Examining the alexithymia hypothesis
To assess whether the alexithymia hypothesis does apply to female adults diagnosed with ASC, Spearman’s rho correlations were conducted between alexithymia (TAS-20 total score and subscales) and FER ability (GERT-S average percentage accuracy and RT) and between ASC severity (AQ total score and subscales) and FER ability. A non-parametric test was implemented as all variables were checked for normality using Shapiro–Wilk and were not normally distributed. Spearman’s rho correlation indicated there was a significant positive relationship between total TAS-20 and total AQ (rs(83) = 0.35, p = 0.001), thus greater ASC severity was related to higher alexithymia levels.

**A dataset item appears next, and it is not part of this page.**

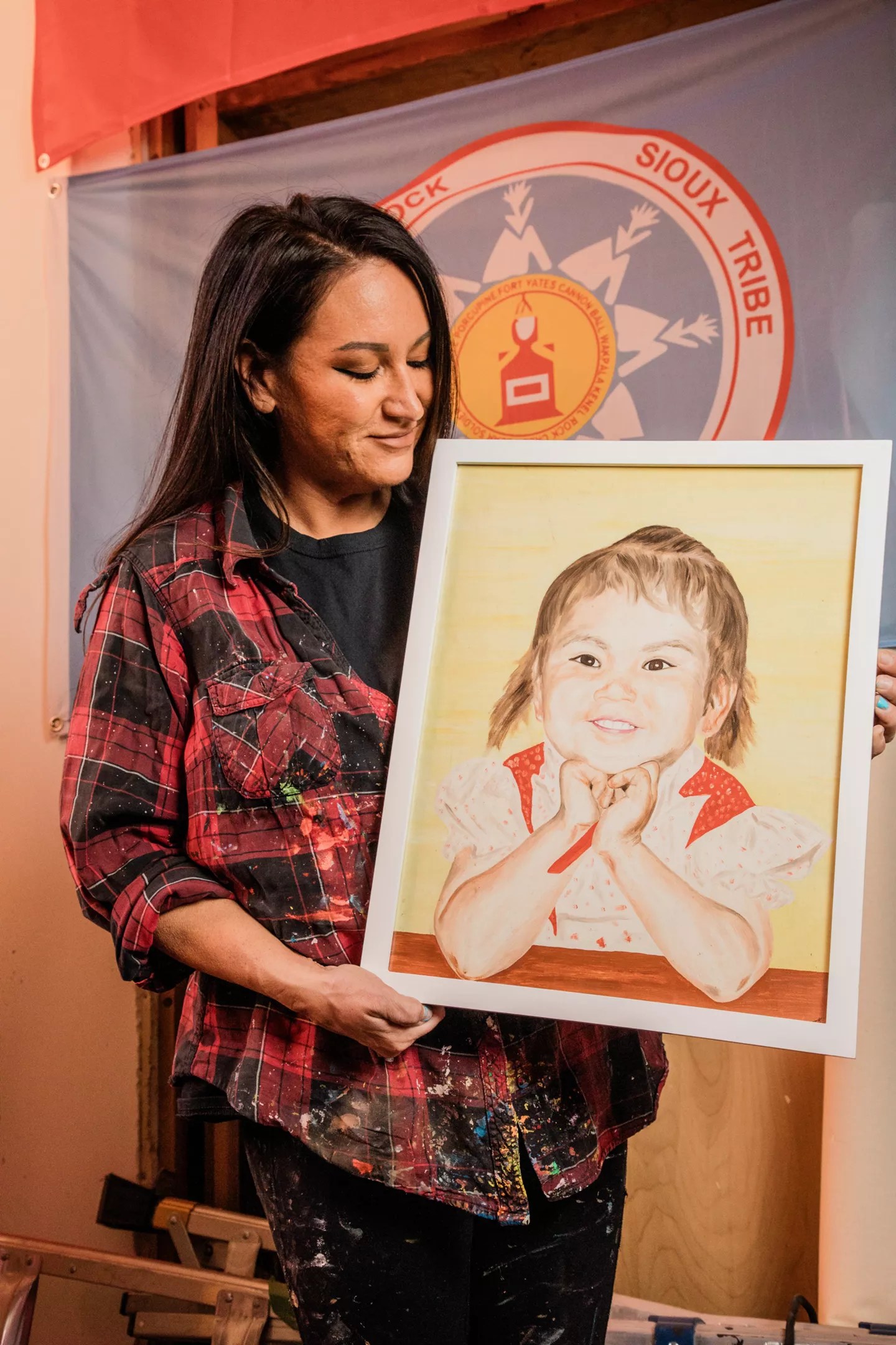 SeeWalker, a Húŋkpapȟa Lakȟóta and a citizen of the Standing Rock Sioux tribe in North Dakota, is sitting in a chair in the corner of her Denver studio, just below a portrait that her father painted of her when she was young. The young Danielle has an infectious grin, her hands propping up her head over a background of warm yellow.

Consistent with the alexithymia hypothesis, while there was no relationship between total AQ and accuracy on the GERT-S (rs(83) = –0.16, p = 0.16), there was a significant negative correlation between total TAS-20 score and GERT-S accuracy (rs(83) = –0.27, p = 0.012). Therefore, higher alexithymia, not ASC severity, was associated with poorer FER accuracy.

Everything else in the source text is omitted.